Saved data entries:

########

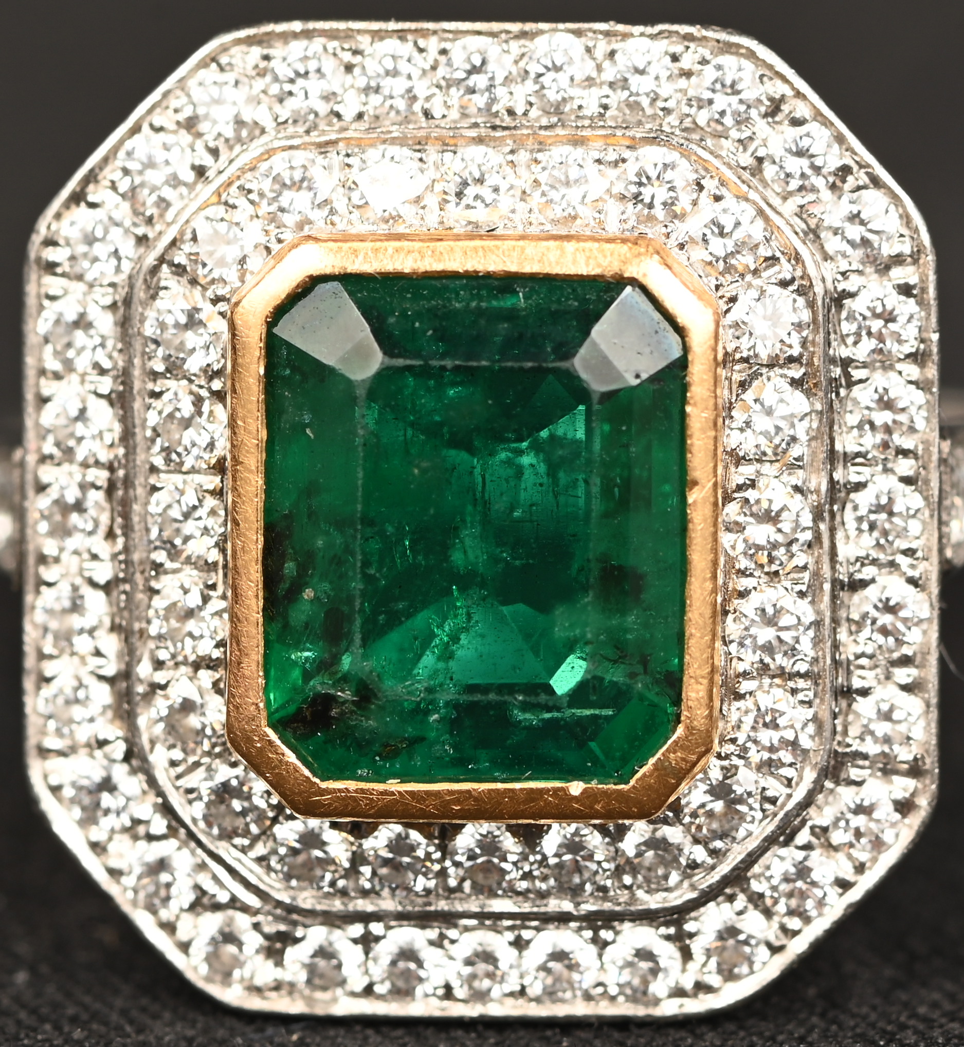 Een 18 kt wit en omkeerbare geelgouden halssnoer met hanger bezet met fantasiestenen. We voegen er een 18 kt witgouden oorbel bezet met briljanten met een gezamenlijk gewicht van +- 0,30 ct en 1,32 g aan toe.
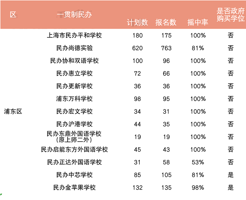 浦东区四所学校需要摇号录取,尚德实验、正达外国语、民办中芯、民办金苹果,其他学校直接录取。
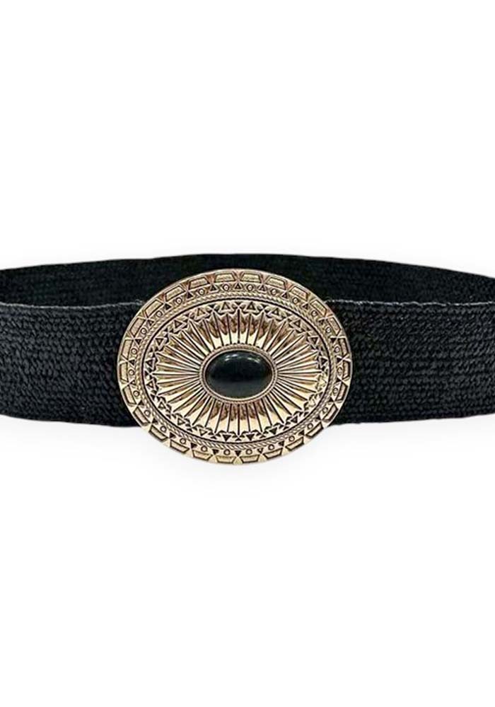 Minimal και δυναμική ελαστική ζώνη Missy σε μαύρο χρώμα, σχεδιασμένη για καθαρές γραμμές και σύγχρονο styling. Το κεντρικό στοιχείο με τη διπλή στρογγυλή χρυσή μεταλλική αγκράφα δημιουργεί ένα ισχυρό visual focus, προσθέτοντας πολυτέλεια και statement χαρακτήρα στο σύνολο. Η ελαστική ρυθμιζόμενη κατασκευή προσαρμόζεται άνετα στη μέση, προσφέροντας σταθερό κράτημα χωρίς περιορισμό στην κίνηση. Ιδανική για φορέματα, σακάκια, jumpsuits και ψηλόμεσα παντελόνια, λειτουργεί ως key styling piece που αναβαθμίζει άμεσα τόσο καθημερινά όσο και βραδινά looks.
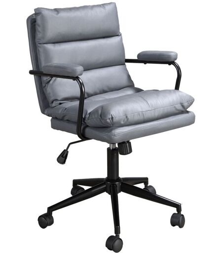 Chaise de bureau pivotant au design moderne dont l'assise et le dossier sont recouverts de tissu gris. Il est doté d'accoudoirs, ce qui le rend plus confortable. Grâce à ses pieds en acier inoxydable noir et à son assise réglable en hauteur, elle deviendra un élément indispensable de votre espace de travail, sans pour autant négliger le style le plus avant-gardiste. Ses roulettes apporteront la praticité supplémentaire dont vous avez besoin pour vos heures de travail ou d'étude. ...
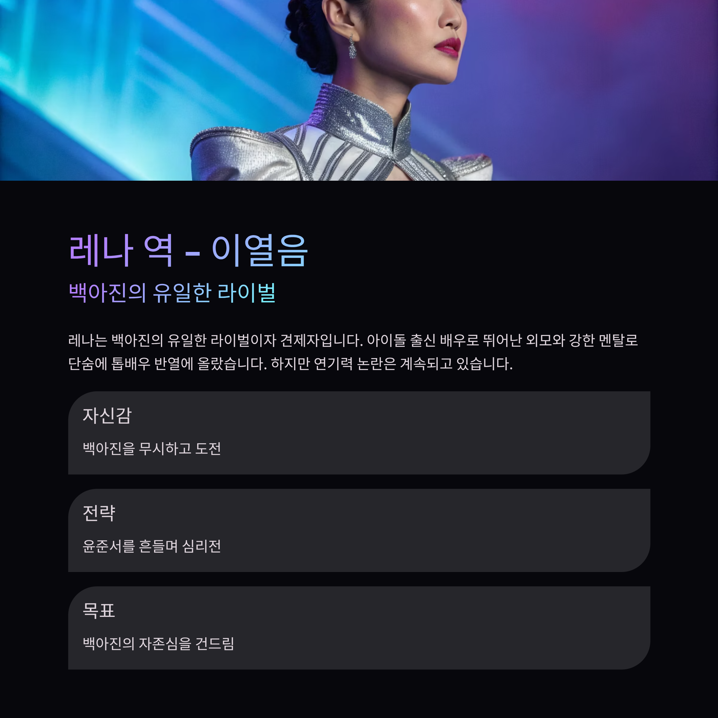 레나는 백아진의 유일한 라이벌이자 견제자입니다. 아이돌 출신 배우로 뛰어난 외모와 강한 멘탈로 단숨에 톱배우 반열에 올랐습니다. 하지만 연기력 논란은 계속되고 있습니다. 자신감 넘치는 레나는 백아진을 무시하고, 윤준서를 흔들며, 백아진의 자존심을 건드립니다.
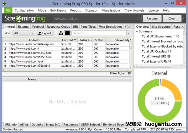 尖叫青蛙强大的地方就在于它不仅获取了网站内所有的链接,我们通过链接的就能获取到该链接的所有信息,大致包括该链接包含链接数、状态码、是否被robots屏蔽、该网页标题、标题长度、描述、关键词、发布时间等等所有的信息,分析的信息详细到只有你想不到的,没有你找不到的。
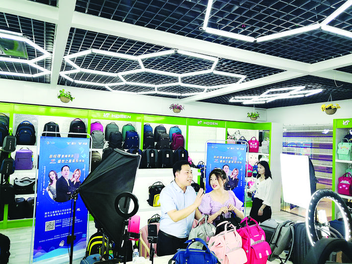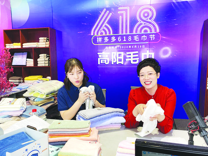 高阳县三利毛巾销售人员正在直播。
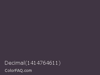 Decimal 1414764611 Color is a dark purple color and the nearest color is Ship Gray #3e3a44. Hex code #403643 and RGB value is rgb(64,54,67). In RGB color space, this color is composed of 25% red, 21% green, 26% blue, In CMYK color space, this color is composed of 4% cyan, 19% magenta, 0% yellow , 74% black , In HSL color space, this color has a hue angle of 286° , 11% saturation and 24% lightness.
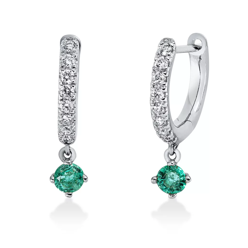 Moni’s Diamond Whitegold Emerald Earrings, presenting a total of 0.15 ct Briliant, SI clarity, G color diamonds and 0,27 ct Emerald. The piece comes with a certificate of authenticity.
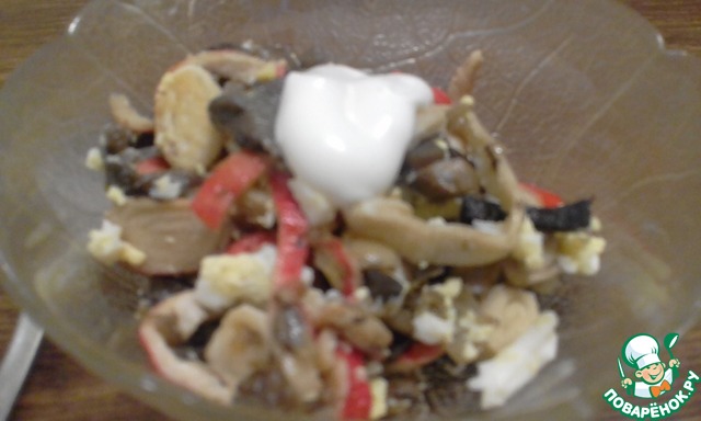 Рецепт «Салат с жареными крабовыми палочками и грибами»:
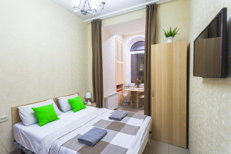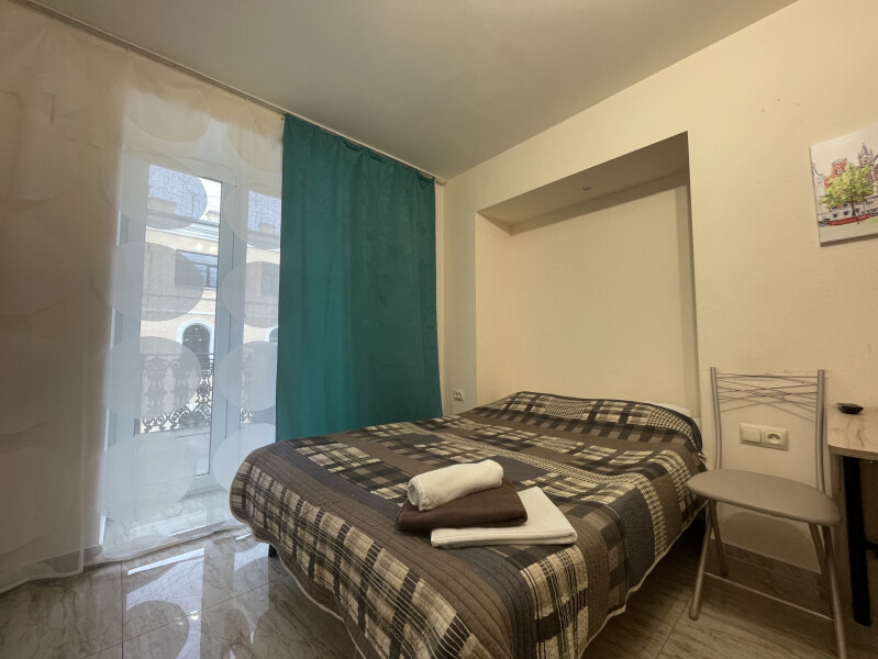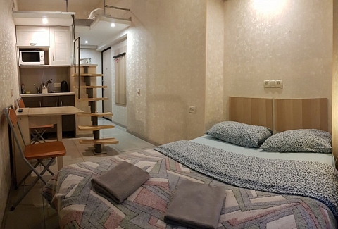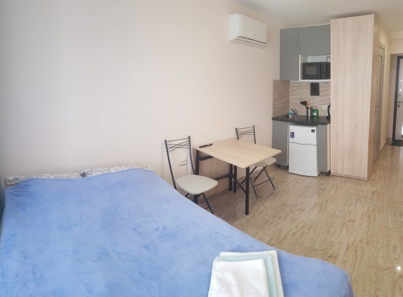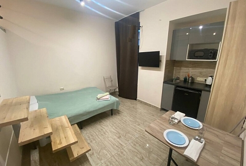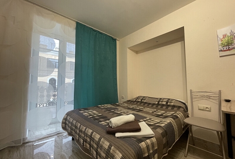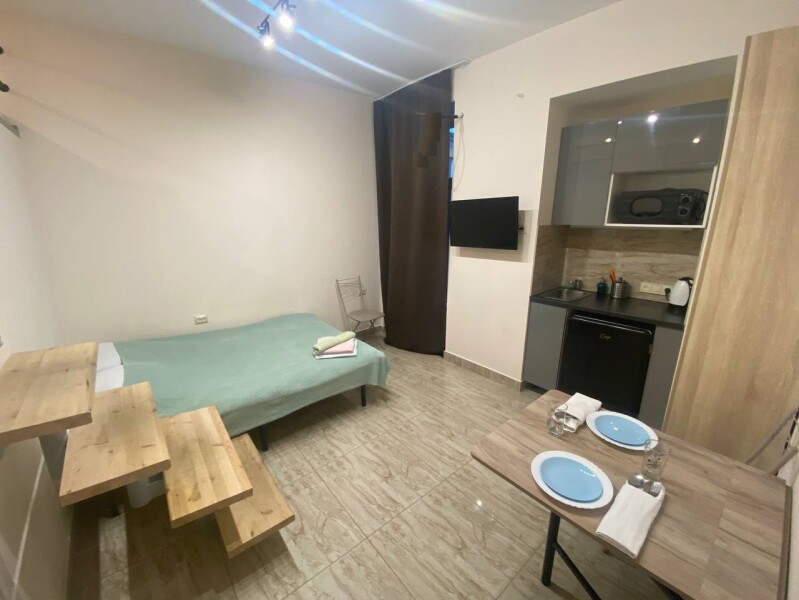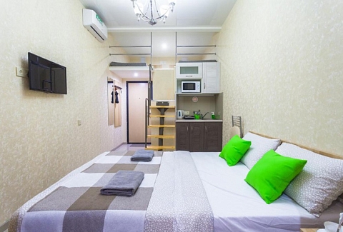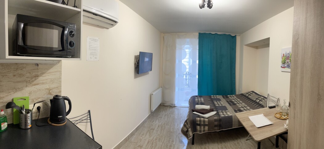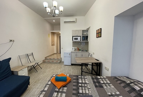 В номере: вешалка, диван раскладной, зеркало, кровать двуспальная, стол, стулья, шкаф, микроволновая печь, мини-холодильник, набор посуды, плита электрическая, стиральная машина, телевизор, электрочайник

########

- [What the exercise asks]: Leaving the pictures out, copy exactly the lines from the line that contains "Decimal 1414764611 Color" to the last line of the data, both ends included.

- [Written solution]:
 Decimal 1414764611 Color is a dark purple color and the nearest color is Ship Gray #3e3a44. Hex code #403643 and RGB value is rgb(64,54,67). In RGB color space, this color is composed of 25% red, 21% green, 26% blue, In CMYK color space, this color is composed of 4% cyan, 19% magenta, 0% yellow , 74% black , In HSL color space, this color has a hue angle of 286° , 11% saturation and 24% lightness.
 Moni’s Diamond Whitegold Emerald Earrings, presenting a total of 0.15 ct Briliant, SI clarity, G color diamonds and 0,27 ct Emerald. The piece comes with a certificate of authenticity.
 Рецепт «Салат с жареными крабовыми палочками и грибами»:
 В номере: вешалка, диван раскладной, зеркало, кровать двуспальная, стол, стулья, шкаф, микроволновая печь, мини-холодильник, набор посуды, плита электрическая, стиральная машина, телевизор, электрочайник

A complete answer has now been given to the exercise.